Methods:: CVFQ has two different presentations, one for children under 3 years of age and the other for older children, and is divided in six subscales - general health; general vision; competence; personality; family impact and treatment. Thirty-five children previously diagnosed and treated (surgery, optical correction and/or patching) for bilateral congenital cataracts were assigned to two age groups: Group I - 17 children, 12 female, age range from 4 to 34 months (mean age: 14.35±10.23 months); Group II - 18 children, 8 female, age range from 3 to 7 years (mean age: 4.4± 1.5 years). Visual impairment was classified, considering either grating or optotype visual acuity compared to age-norms, as none (n=16), mild (n=7 children) and moderate or severe (n=12 children). The CVFQ was applied in the hospital setting to parents or other caretakers by personal interview. Scores obtained for the six subscales were compared between the two age groups (I and II) using a t-test and among the three visual impairment categories by means of an analysis of variance (ANOVA).

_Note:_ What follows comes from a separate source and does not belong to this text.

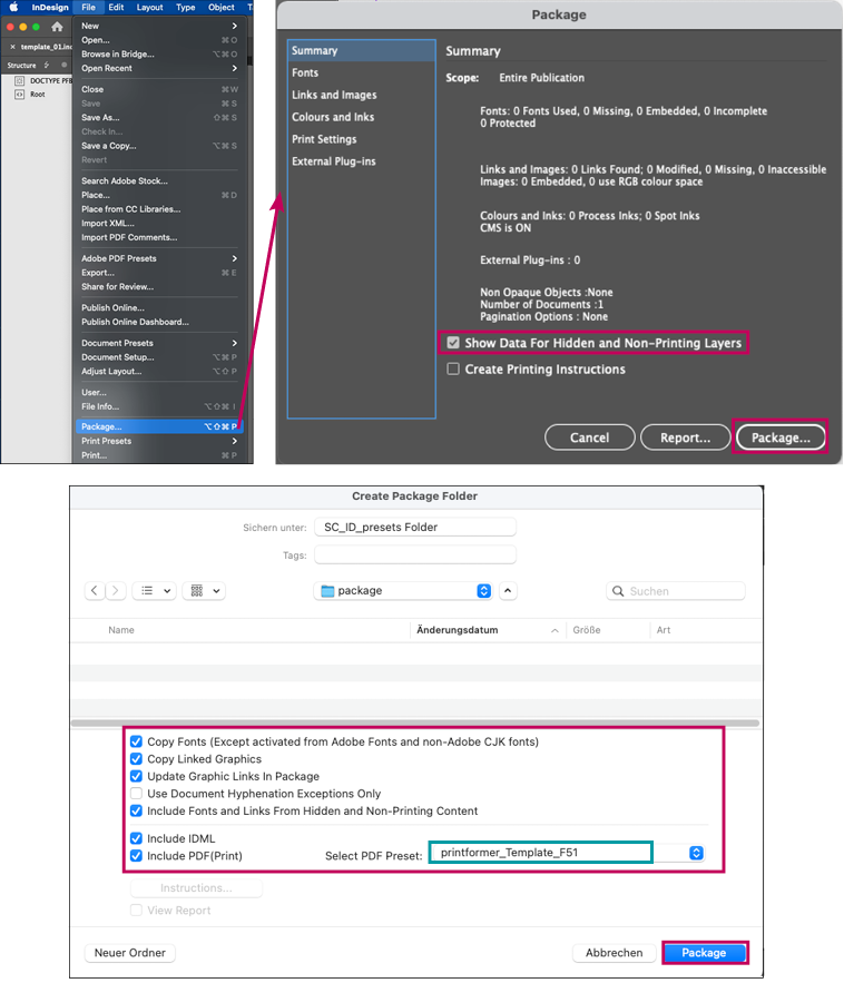 In the following dialogue window »Package« you can check again whether all links, fonts etc. are correctly integrated in the document. Activate the checkbox »Show Data For Hidden and Non-printing layers« below and confirm by clicking on »Package...«.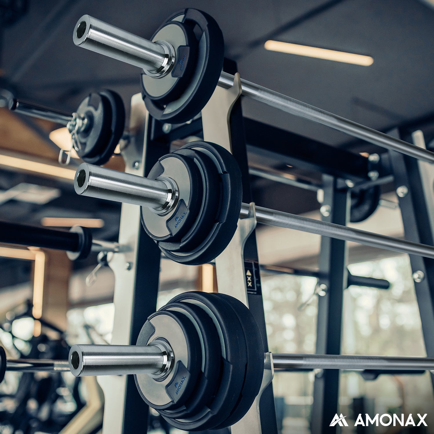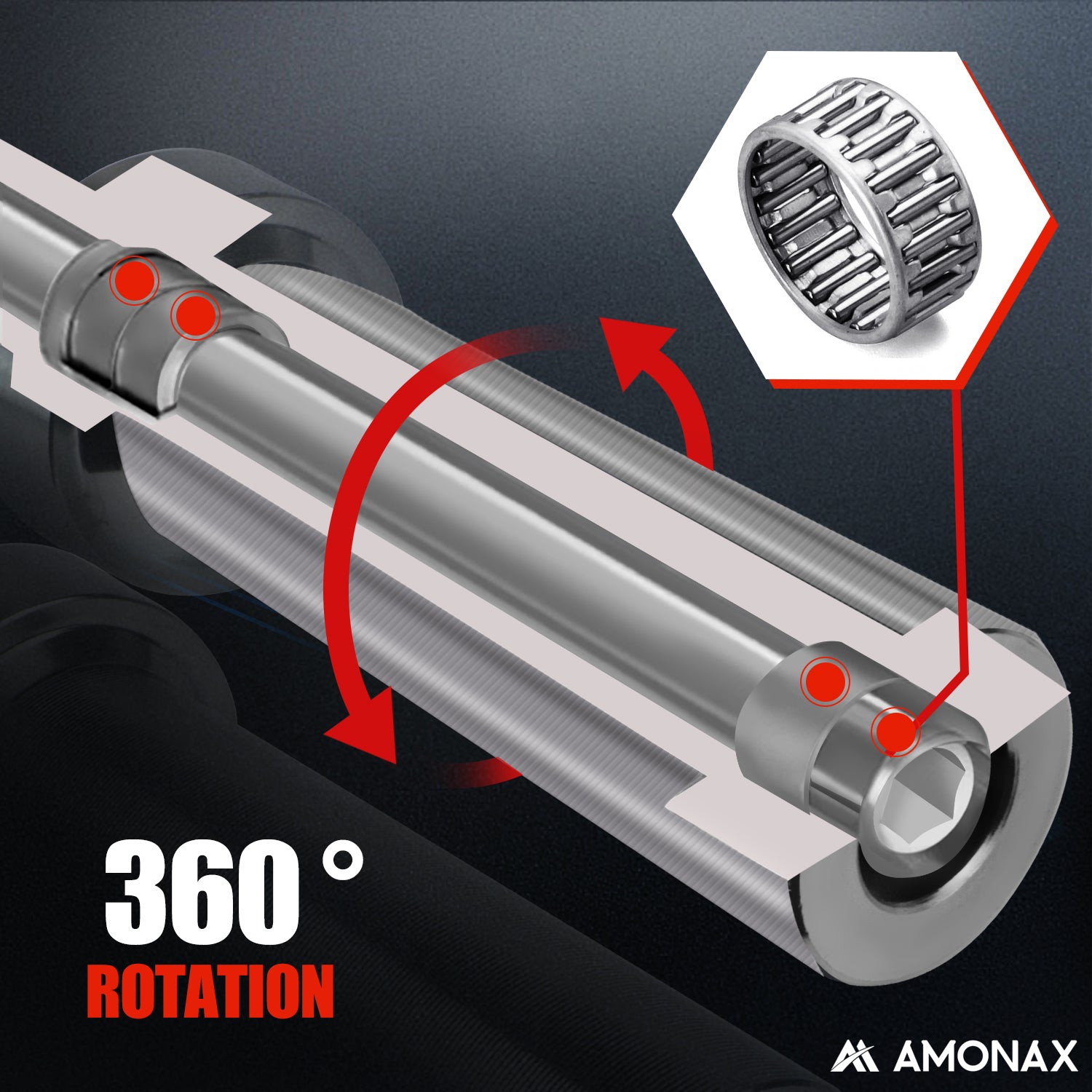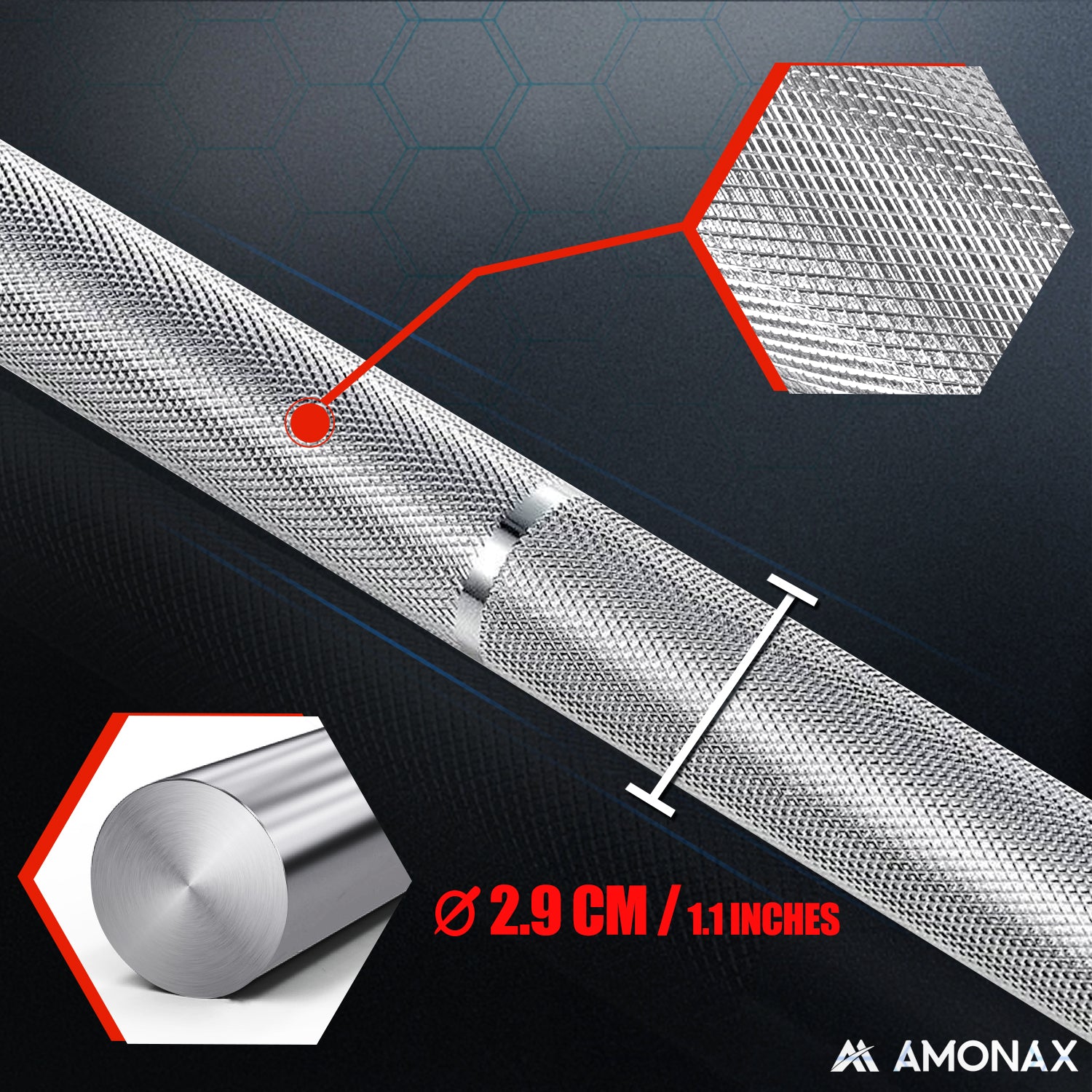 The Hill Knurls of Amonax 7 ft Olympic bar are milder when compared to the pointy Mountain knurls. This is to prevent the heavy weights rip your hands apart when the bar spins in your hand (this bar can carry more weights than 4 ft Olympic bar), and prevent scraping injury during traditional lifting workouts. Amonax 7 ft bar is also featured with a central knurling which "grabs" you to help prevent the bar from sliding down from your back during squat. It is a great bar to be included in any barbell set for women and men.

Results:: All subscales presented low scores for the quality of life of children with bilateral congenital cataracts. No differences between younger and older patients could be found in any of the six subscales. Competence subscale was significantly lower in the severe visually impaired patients compared to those not visually impaired (ANOVA F 5.7, p< 0.01; Tukey test p<0.01).

Conclusions:: Bilateral congenital cataracts influence the vision-related quality of life of children as confirmed by low scores in all competences assessed by CVFQ. This instrument should be incorporated in the clinical assessment of children with bilateral cataracts as an outcome measure of the impact of visual impairment in their quality of life.